Full Year 2020 Highlights

  • During the twelve months ended December 31, 2020, beverage can bodies volumes grew 14% year-over-year, driven by significant growth in South America and Europe. During the year, consumers switched to beverage cans as the preferred option for at-home consumption. This was particularly true for beer, which saw increased sales in off-premise channels, such as grocery stores, supermarkets and discount stores, as at-home consumption increased. On-premise channels where beverage cans are less prevalent, such as bars, restaurants and pubs, realized weaker performance during 2020 given lockdown measures related to COVID-19 as compared to the twelve months ended December 31, 2019. In Q1, Q3 and Q4 2020, beverage can bodies volumes were significantly higher than corresponding periods in 2019 by more than 20%. This strong performance resulted from (i) increased production volumes from our new Czech Republic facility, which began production in June 2020, (ii) full year utilization of our Colombia facility, (iii) increased demand from the U.S. customer base, which was served by shipping cans from our facilities in South America, Asia and Europe and (iv) improved utilization of beverage can capacity at various CANPACK locations. In Q2 2020, beverage can bodies volumes declined by 7% year-over-year due to COVID-19 restrictions.
  • Our first beverage can investment in the United States (in Olyphant, Pennsylvania) is on-track with the initial project schedule and is expected to stay within the approved budget. We anticipate beginning production as initially estimated in Q4 2021.

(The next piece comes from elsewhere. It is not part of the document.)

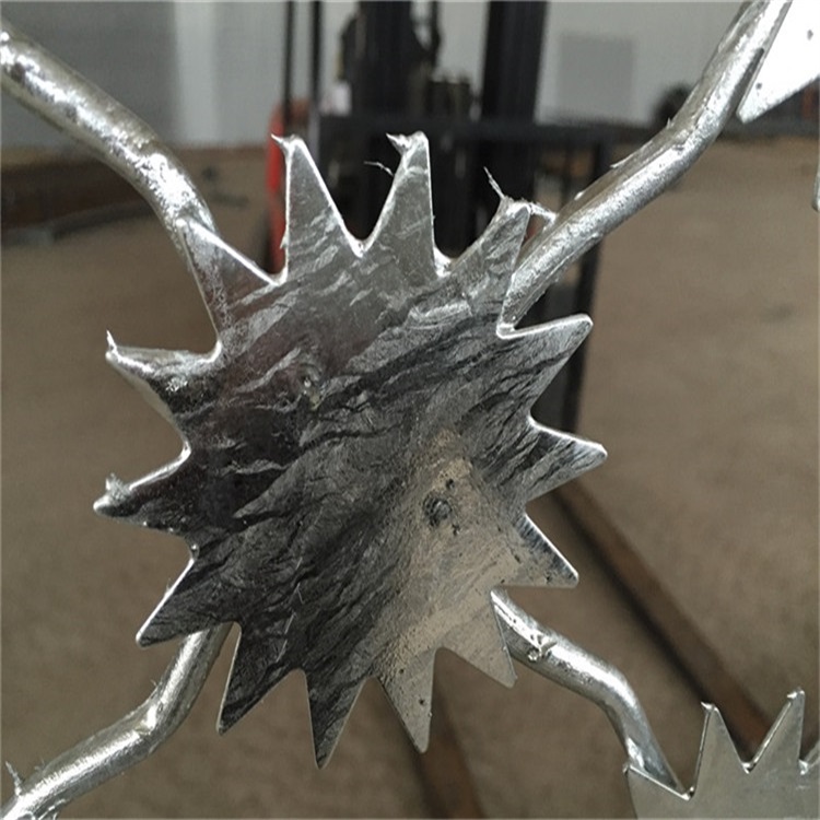監獄太陽花刺片鋼網墻也叫梅花刺片隔離網墻,整體架構由美格網+梅花刺片、邊框、立柱、刀刺網組成。其立柱采用Y型鍍鋅鋼管制作而成,常用圓管Φ114mm*3.0 以上,也可以用80*80、100*100mm 方管。網片邊框的尺寸為60*60*2.5m、方管 40*40*1.5mm 及以上規格,角鋼 50*5mm。網孔:110*110mm,100*100mm,絲徑:6.0mm,5.0mm,刺片:直徑 75mm,厚度 1.2mm,14 個刺。除此之外,監獄防攀爬護欄網的Y型立柱上面還安裝了不銹鋼刀片刺網,并且表面采用噴涂工藝,常見的有墨綠色噴涂和銀灰色噴涂,既起到防腐防銹的作用,又能起到裝飾環境的效果,美觀大方!

  • Net sales increased 5% year-over-year, driven by higher beverage can volumes and a positive impact from currency exchange rate differences. However, net sales were partially offset mainly by lower year-over-year LME levels, local currency devaluation compared to USD in certain countries (mainly Brazil and Russia) and a change in product mix due to growth in smaller beverage cans, which have lower aluminum weight.
  • Cost of sales increased 3% year-over-year, driven by higher beverage can volumes and currency exchange rate differences charged by suppliers. This was partially offset mainly by lower year-over-year LME levels, local currency devaluation compared to USD in certain countries (mainly Brazil and Russia) and a change in product mix due to growth in smaller beverage cans, which have lower aluminum weight.

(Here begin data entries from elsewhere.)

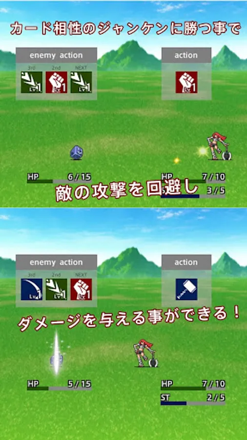 Since the means to recover the HP is limited, reduce the damage that how to receive, or defeat the enemy with limited resources will be the point.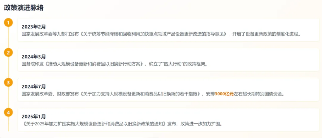 2025 年政策进入加力扩围阶段。1 月发布的《关于 2025 年加力扩围实施大规模设备更新和消费品以旧换新政策的通知》,在继续支持工业、用能设备、能源电力、交通运输、物流、环境基础设施、教育、文旅、医疗、老旧电梯等领域基础上,将支持范围进一步扩展至电子信息、安全生产、设施农业等领域,重点支持高端化、智能化、绿色化设备应用。
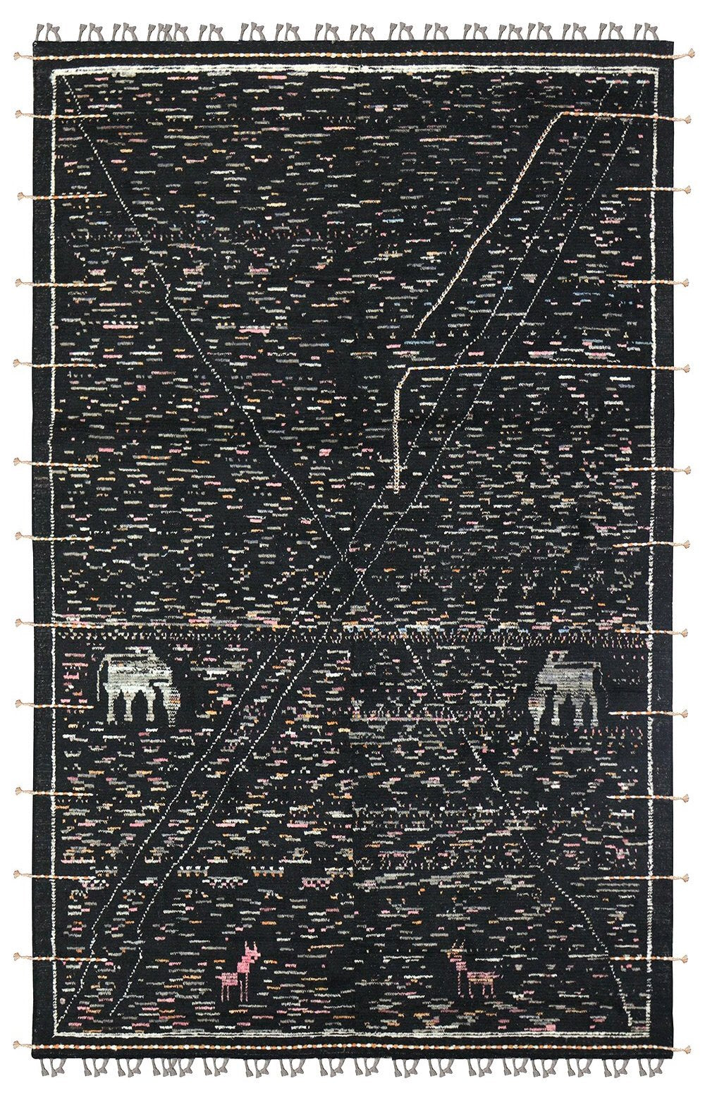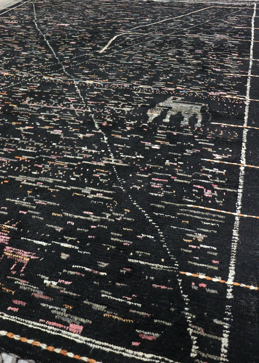 Make your house truly feel like home with our Moroccan Handwoven Tribal Rug (J68174). It's new and tribal. It’s black on ebony with orange accent colors. It’s a Moroccan & African style rug with a Moroccan motif. All things you gravitate towards when it comes to aesthetics and design in your space. Being a 8' 11" X 12' 8" rug of wool pile on a wool foundation, you can rest assured that this piece will do more than just make the visual impact and create the vibe you want. It comes from the fine Afghanistan tradition of handwoven rugmaking, meaning this rug will serve you well and look terrific for years. Add that extra special personal touch today with your own Moroccan Handwoven Tribal Rug.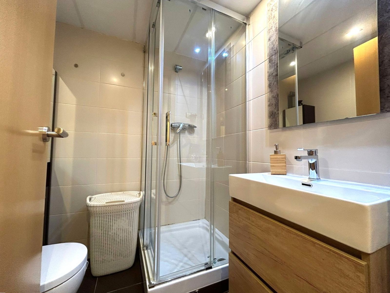 La vivienda cuenta con 2 amplias habitaciones, 2 baños completos, y un acogedor salón-comedor muy luminoso con salida directa a una agradable terraza, perfecta para disfrutar del clima mediterráneo. La cocina, moderna y funcional, se integra perfectamente en el conjunto del piso.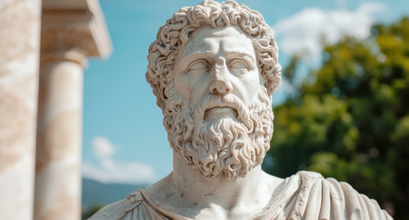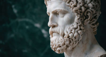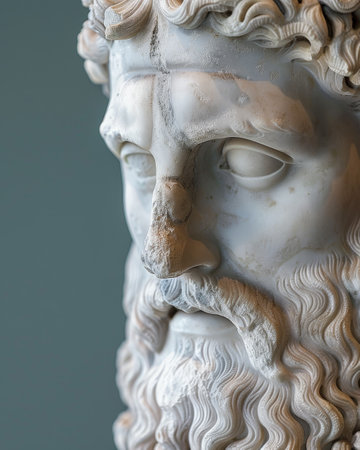 This close-up photograph showcases a striking ancient marble sculpture of a bearded man, highlighting intricate details and textures, ideal for art and history themes.

  • Adjusted EBITDA increased to $445 million in 2020 compared to $365 million in 2019 (+22%), mainly driven by higher volumes in beverage cans, improved productivity of our greenfield investments in Colombia, the Netherlands and the Czech Republic, tight cost controls, a net positive impact from currency exchange rate differences and a one-off gain in SG&A (see Note 23 of the 2020 U.S. GAAP combined financial statements for details).
  • Capital expenditures increased to $371 million in 2020 compared to $190 million in 2019. This increase in capital expenditures was mainly driven by an initial investment in the U.S. beverage can facility in Olyphant, Pennsylvania (which is now nearing completion), the Czech Republic investment (which began production in June 2020) and the capacity expansion project in Colombia.

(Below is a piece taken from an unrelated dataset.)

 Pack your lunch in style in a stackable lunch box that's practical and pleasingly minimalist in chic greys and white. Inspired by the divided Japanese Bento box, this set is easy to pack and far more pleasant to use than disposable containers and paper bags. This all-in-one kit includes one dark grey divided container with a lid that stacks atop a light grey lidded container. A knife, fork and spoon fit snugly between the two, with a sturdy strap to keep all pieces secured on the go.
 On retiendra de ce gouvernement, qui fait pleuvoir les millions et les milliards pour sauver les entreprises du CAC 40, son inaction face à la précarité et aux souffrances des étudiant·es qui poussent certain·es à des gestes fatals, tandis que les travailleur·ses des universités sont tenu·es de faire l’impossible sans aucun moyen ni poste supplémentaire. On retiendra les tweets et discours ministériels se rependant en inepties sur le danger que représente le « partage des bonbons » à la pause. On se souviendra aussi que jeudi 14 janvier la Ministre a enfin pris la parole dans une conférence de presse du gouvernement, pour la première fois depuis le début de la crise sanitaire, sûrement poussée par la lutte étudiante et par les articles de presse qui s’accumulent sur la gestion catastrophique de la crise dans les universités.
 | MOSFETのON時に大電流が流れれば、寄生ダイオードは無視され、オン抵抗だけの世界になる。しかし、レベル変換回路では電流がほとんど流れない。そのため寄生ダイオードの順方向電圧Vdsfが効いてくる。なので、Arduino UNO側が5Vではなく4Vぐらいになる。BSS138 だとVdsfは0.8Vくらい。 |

  • Net cash provided by operating activities increased by $40 million to a net inflow of $320 million in 2020 compared to a net inflow of $280 million in 2019. This increase in cash provided by operating activities was primarily due to higher adjusted EBITDA, partially offset by the impact of higher working capital employed in the business as a result of increased sales.
  • Free cash flow was positive, representing a cash inflow of $6 million in 2020 compared to a cash inflow of $146 million in 2019. In 2020, higher adjusted EBITDA relative to 2019 was more than offset by a $181 million increase in capital expenditures in 2020 relative to 2019.

Q1 2021 Highlights

  • During the three months ended March 31, 2021, beverage can bodies volumes grew 21% year-over-year. Consumers have continued to switch to beverage cans as the preferred option for at-home consumption. This was particularly true for beer, which saw increased sales in off-premise channels, such as grocery stores, supermarkets and discount stores, as at-home consumption increased. On-premise channels where beverage cans are less prevalent, such as bars, restaurants and pubs, realized weaker performance during Q1 2021 given restrictions related to COVID-19 as compared to the three months ended March 31, 2020. CANPACK’s strong volume performance resulted from (i) increased production volumes from our new Czech Republic facility, which began production in June 2020, (ii) capacity expansion in Colombia, (iii) increased demand from the U.S. customer base, which was served by shipping cans from our facilities in Asia, South America and Europe and (iv) all capacities being sold out due to increased demand in Europe and South America.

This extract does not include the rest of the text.